(Collection entries)
◇ ◇ ◇

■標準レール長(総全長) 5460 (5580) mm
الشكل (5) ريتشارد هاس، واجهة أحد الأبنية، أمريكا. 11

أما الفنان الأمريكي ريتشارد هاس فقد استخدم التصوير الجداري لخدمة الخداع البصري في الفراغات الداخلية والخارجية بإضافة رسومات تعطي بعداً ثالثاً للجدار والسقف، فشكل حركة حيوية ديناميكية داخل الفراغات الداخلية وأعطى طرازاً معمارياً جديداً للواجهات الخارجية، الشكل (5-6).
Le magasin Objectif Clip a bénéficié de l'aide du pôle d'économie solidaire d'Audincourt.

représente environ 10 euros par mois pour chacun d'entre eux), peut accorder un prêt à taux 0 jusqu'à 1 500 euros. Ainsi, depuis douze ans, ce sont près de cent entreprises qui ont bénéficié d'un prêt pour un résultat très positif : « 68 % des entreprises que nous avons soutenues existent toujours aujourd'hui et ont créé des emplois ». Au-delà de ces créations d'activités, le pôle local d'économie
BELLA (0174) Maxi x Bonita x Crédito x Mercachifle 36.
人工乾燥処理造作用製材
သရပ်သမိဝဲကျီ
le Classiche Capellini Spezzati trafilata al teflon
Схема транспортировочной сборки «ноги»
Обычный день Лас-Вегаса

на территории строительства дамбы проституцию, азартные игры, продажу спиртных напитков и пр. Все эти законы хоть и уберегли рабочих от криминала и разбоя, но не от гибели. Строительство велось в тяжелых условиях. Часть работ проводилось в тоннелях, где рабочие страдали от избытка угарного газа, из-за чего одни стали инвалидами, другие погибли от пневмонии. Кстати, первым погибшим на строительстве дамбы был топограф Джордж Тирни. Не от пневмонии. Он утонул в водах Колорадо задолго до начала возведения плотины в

◇ ◇ ◇

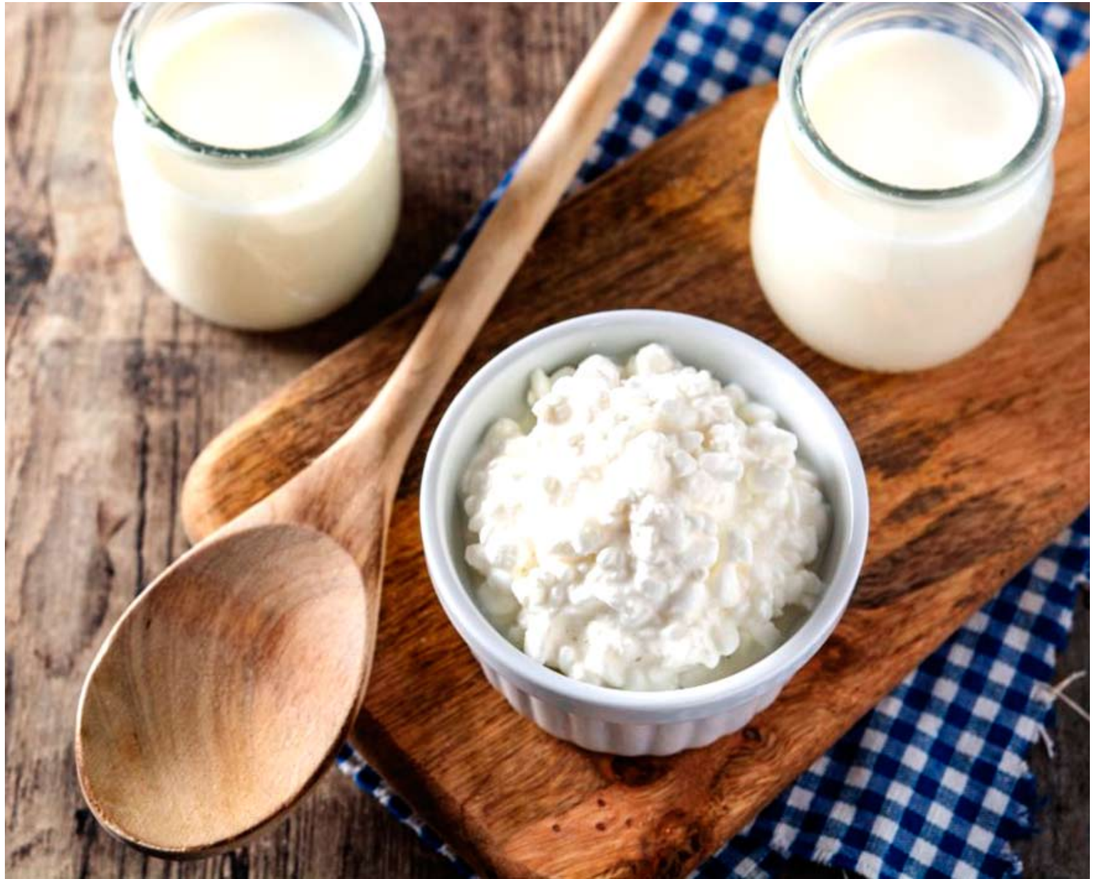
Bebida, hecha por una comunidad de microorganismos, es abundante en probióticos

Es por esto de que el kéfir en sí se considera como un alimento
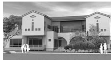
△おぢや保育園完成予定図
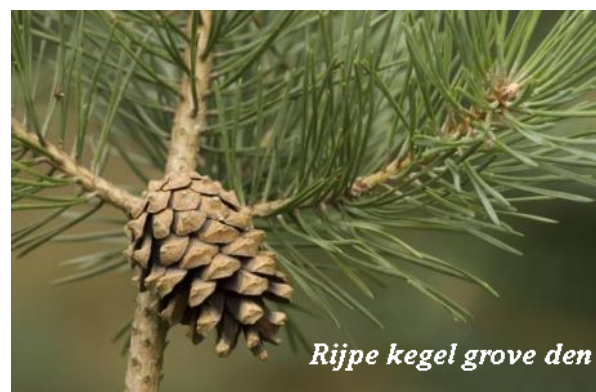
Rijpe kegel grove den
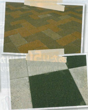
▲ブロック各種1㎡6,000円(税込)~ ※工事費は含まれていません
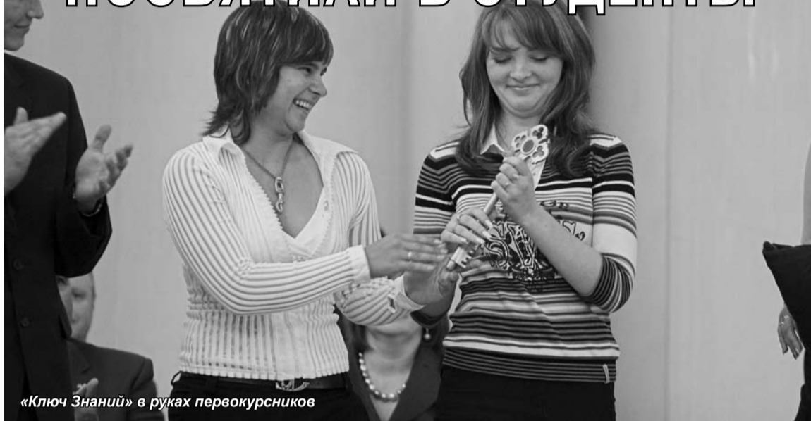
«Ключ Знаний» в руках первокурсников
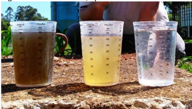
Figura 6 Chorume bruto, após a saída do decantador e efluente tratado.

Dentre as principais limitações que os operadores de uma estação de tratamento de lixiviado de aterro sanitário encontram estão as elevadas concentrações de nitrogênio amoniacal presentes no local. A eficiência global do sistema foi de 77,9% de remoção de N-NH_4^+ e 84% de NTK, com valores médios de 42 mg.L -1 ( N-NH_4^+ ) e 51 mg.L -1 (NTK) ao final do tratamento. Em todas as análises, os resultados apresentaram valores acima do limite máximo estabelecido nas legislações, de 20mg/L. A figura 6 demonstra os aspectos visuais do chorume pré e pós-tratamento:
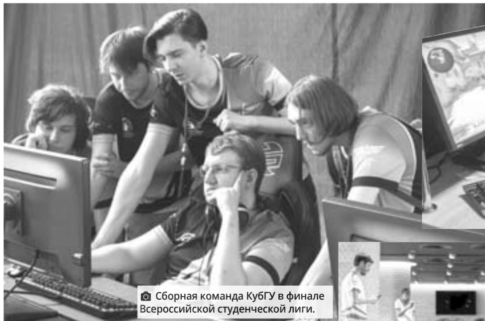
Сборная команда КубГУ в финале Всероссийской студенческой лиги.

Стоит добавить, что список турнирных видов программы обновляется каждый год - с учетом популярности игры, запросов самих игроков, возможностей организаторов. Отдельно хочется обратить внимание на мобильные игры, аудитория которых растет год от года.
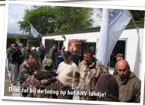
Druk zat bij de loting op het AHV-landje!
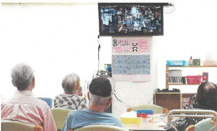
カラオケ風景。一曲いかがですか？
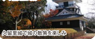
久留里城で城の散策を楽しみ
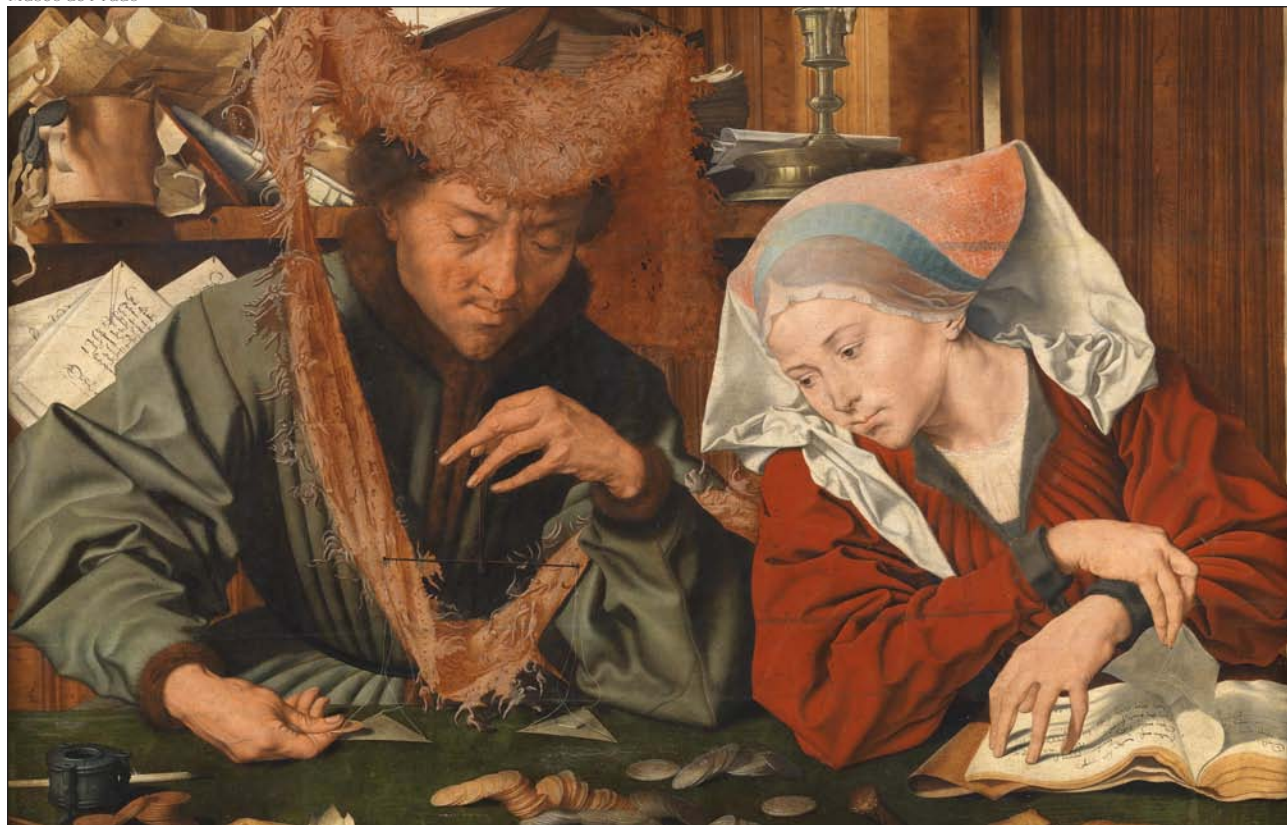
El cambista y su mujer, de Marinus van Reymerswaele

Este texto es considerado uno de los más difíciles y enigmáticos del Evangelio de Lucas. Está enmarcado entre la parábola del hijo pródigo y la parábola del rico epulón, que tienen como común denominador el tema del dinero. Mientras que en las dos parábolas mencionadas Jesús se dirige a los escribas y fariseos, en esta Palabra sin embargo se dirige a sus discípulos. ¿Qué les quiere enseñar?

◇ ◇ ◇

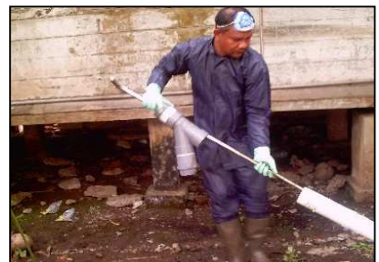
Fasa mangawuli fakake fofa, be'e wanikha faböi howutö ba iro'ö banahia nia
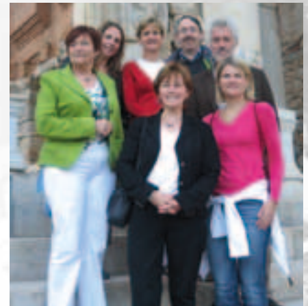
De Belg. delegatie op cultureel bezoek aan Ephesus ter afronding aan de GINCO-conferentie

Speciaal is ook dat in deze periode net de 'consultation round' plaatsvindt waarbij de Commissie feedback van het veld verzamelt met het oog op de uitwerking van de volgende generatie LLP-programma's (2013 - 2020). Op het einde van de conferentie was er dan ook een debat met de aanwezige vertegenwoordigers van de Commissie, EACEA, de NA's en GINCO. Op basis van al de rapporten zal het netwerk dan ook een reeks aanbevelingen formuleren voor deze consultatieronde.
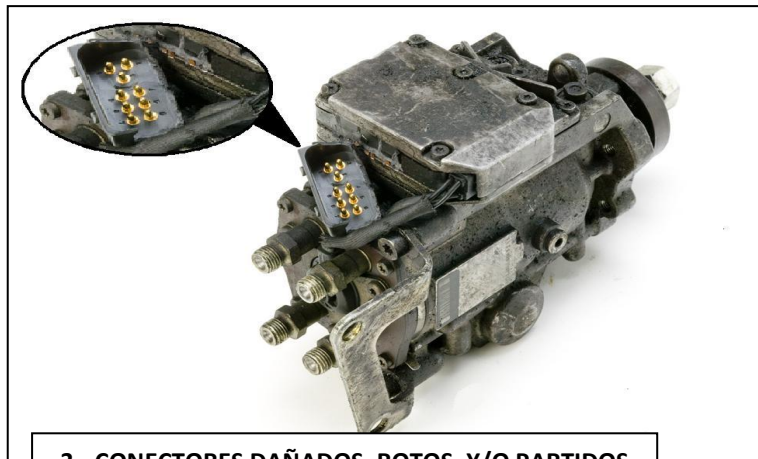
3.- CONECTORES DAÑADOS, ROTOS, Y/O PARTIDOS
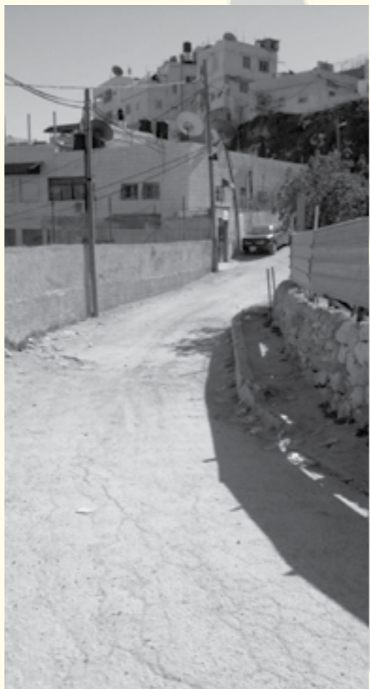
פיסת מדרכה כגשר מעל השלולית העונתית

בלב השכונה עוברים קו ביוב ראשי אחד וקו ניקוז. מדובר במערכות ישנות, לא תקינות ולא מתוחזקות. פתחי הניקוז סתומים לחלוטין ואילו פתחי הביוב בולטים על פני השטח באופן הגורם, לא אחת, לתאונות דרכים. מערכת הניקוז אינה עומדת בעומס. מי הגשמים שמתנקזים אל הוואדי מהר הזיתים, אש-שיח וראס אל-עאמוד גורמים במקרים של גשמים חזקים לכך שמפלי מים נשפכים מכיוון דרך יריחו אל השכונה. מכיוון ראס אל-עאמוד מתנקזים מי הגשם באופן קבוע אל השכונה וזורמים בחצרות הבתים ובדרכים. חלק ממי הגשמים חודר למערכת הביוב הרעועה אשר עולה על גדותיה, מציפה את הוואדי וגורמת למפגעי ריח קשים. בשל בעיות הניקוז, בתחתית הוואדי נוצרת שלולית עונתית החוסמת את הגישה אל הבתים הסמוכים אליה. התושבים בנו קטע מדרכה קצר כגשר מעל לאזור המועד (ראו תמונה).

◇ ◇ ◇

To do: With the pictures omitted, restate word for word the lines above from the line that has "Speciaal is ook" up to and including the line that has "בלב השכונה עוברים", and no other lines.

Answer to this task:
Speciaal is ook dat in deze periode net de 'consultation round' plaatsvindt waarbij de Commissie feedback van het veld verzamelt met het oog op de uitwerking van de volgende generatie LLP-programma's (2013 - 2020). Op het einde van de conferentie was er dan ook een debat met de aanwezige vertegenwoordigers van de Commissie, EACEA, de NA's en GINCO. Op basis van al de rapporten zal het netwerk dan ook een reeks aanbevelingen formuleren voor deze consultatieronde.
3.- CONECTORES DAÑADOS, ROTOS, Y/O PARTIDOS
פיסת מדרכה כגשר מעל השלולית העונתית

בלב השכונה עוברים קו ביוב ראשי אחד וקו ניקוז. מדובר במערכות ישנות, לא תקינות ולא מתוחזקות. פתחי הניקוז סתומים לחלוטין ואילו פתחי הביוב בולטים על פני השטח באופן הגורם, לא אחת, לתאונות דרכים. מערכת הניקוז אינה עומדת בעומס. מי הגשמים שמתנקזים אל הוואדי מהר הזיתים, אש-שיח וראס אל-עאמוד גורמים במקרים של גשמים חזקים לכך שמפלי מים נשפכים מכיוון דרך יריחו אל השכונה. מכיוון ראס אל-עאמוד מתנקזים מי הגשם באופן קבוע אל השכונה וזורמים בחצרות הבתים ובדרכים. חלק ממי הגשמים חודר למערכת הביוב הרעועה אשר עולה על גדותיה, מציפה את הוואדי וגורמת למפגעי ריח קשים. בשל בעיות הניקוז, בתחתית הוואדי נוצרת שלולית עונתית החוסמת את הגישה אל הבתים הסמוכים אליה. התושבים בנו קטע מדרכה קצר כגשר מעל לאזור המועד (ראו תמונה).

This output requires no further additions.